The way to come to grips with $1.2 trillion is to forget about the number itself and think instead about what you could buy with the money. When you do that, a trillion stops sounding anything like millions or billions.

For starters, $1.2 trillion would pay for an unprecedented public health campaign — a doubling of cancer research funding, treatment for every American whose diabetes or heart disease is now going unmanaged and a global immunization campaign to save millions of children’s lives.

Combined, the cost of running those programs for a decade wouldn’t use up even half our money pot. So we could then turn to poverty and education, starting with universal preschool for every 3- and 4-year-old child across the country. The city of New Orleans could also receive a huge increase in reconstruction funds.

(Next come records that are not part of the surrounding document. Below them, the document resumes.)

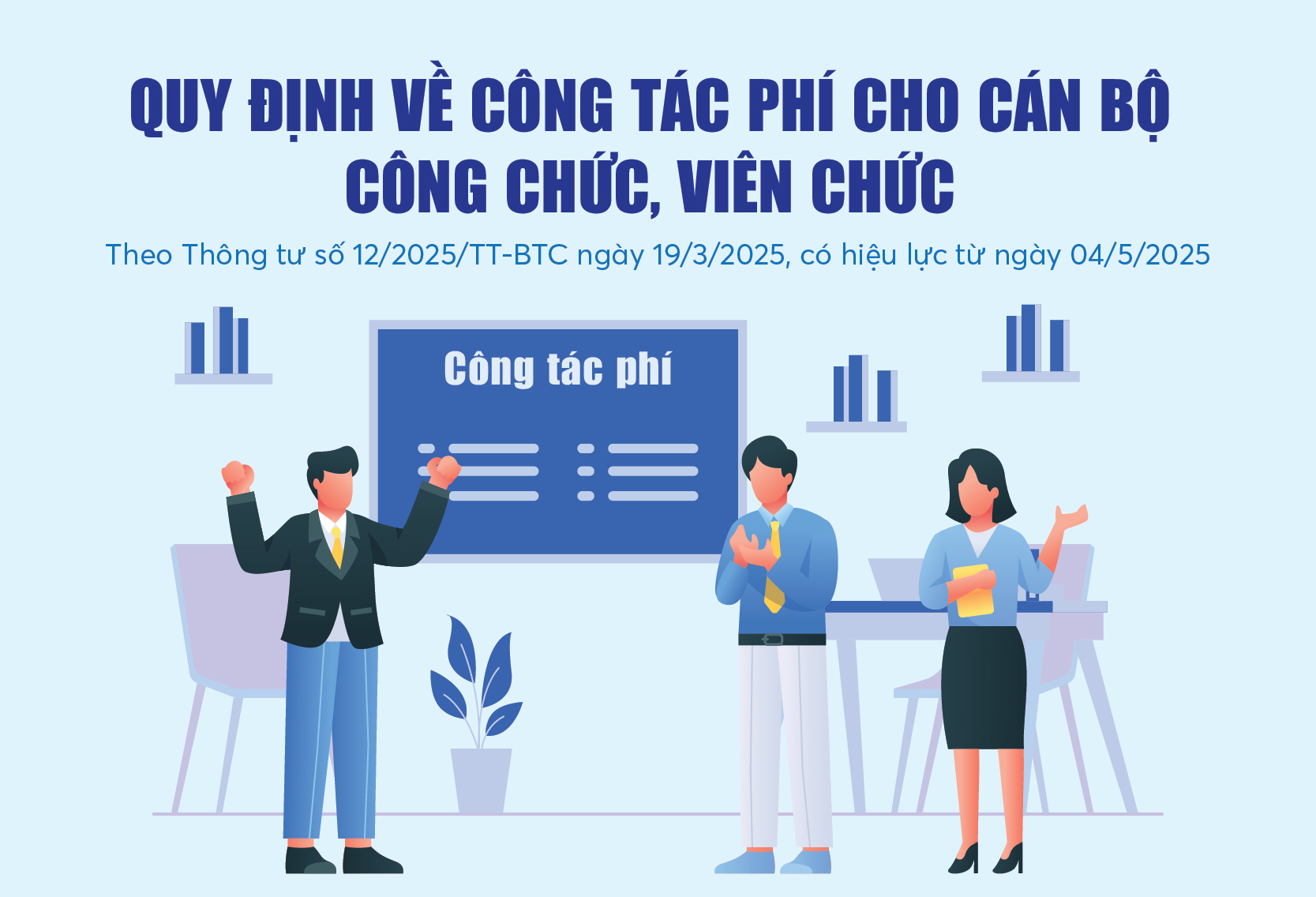 Infographics: Quy định mới về công tác phí cho cán bộ công chức, viên chức từ ngày 4/5/2025 (08/04/2025 15:08)Bộ Tài chính đã ban hành Thông tư 12/2025/TT-BTC ngày 19/3/2025 sửa đổi, bổ sung một số điều của Thông tư 40/2017/TT-BTC của Bộ trưởng Bộ Tài chính quy định chế độ công tác phí, chế độ chi hội nghị, có hiệu lực thi hành từ ngày 04/5/2025
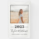 Herzlichen Glückwunsch an Ihren Absolvent mit diesem stilvollen Abschluss-Ankündigung und Party-Banner, das ein Senior-Foto mit minimalistisch schwarz umrissenen Rahmen, Klassenjahr in fett gedruckten Text, und einfache moderne Formulierung, die mit dem Namen Ihres Absolventen in Drehbuch und High School personalisiert werden kann. Klassisches und sauberes Schwarz-Weiß-Farbschema.
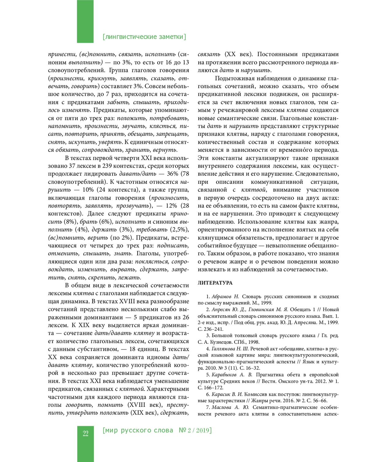 7. Маслова А. Ю. Семантико-прагматические особенности речевого акта клятвы в сопоставительном аспекте (на матер. русского, сербского и болгарского языков) // Вестн. Нижегородского ун-та. № 6 (2). 2011. С. 414-417. EDN: OMTLMB

The final big chunk of the money could go to national security. The recommendations of the 9/11 Commission that have not been put in place — better baggage and cargo screening, stronger measures against nuclear proliferation — could be enacted. Financing for the war in Afghanistan could be increased to beat back the Taliban’s recent gains, and a peacekeeping force could put a stop to the genocide in Darfur.

All that would be one way to spend $1.2 trillion. Here would be another:

The war in Iraq.

In the days before the war almost five years ago, the Pentagon estimated that it would cost about $50 billion. Democratic staff members in Congress largely agreed. Lawrence Lindsey, a White House economic adviser, was a bit more realistic, predicting that the cost could go as high as $200 billion, but President Bush fired him in part for saying so.

These estimates probably would have turned out to be too optimistic even if the war had gone well. Throughout history, people have typically underestimated the cost of war, as William Nordhaus, a Yale economist, has pointed out.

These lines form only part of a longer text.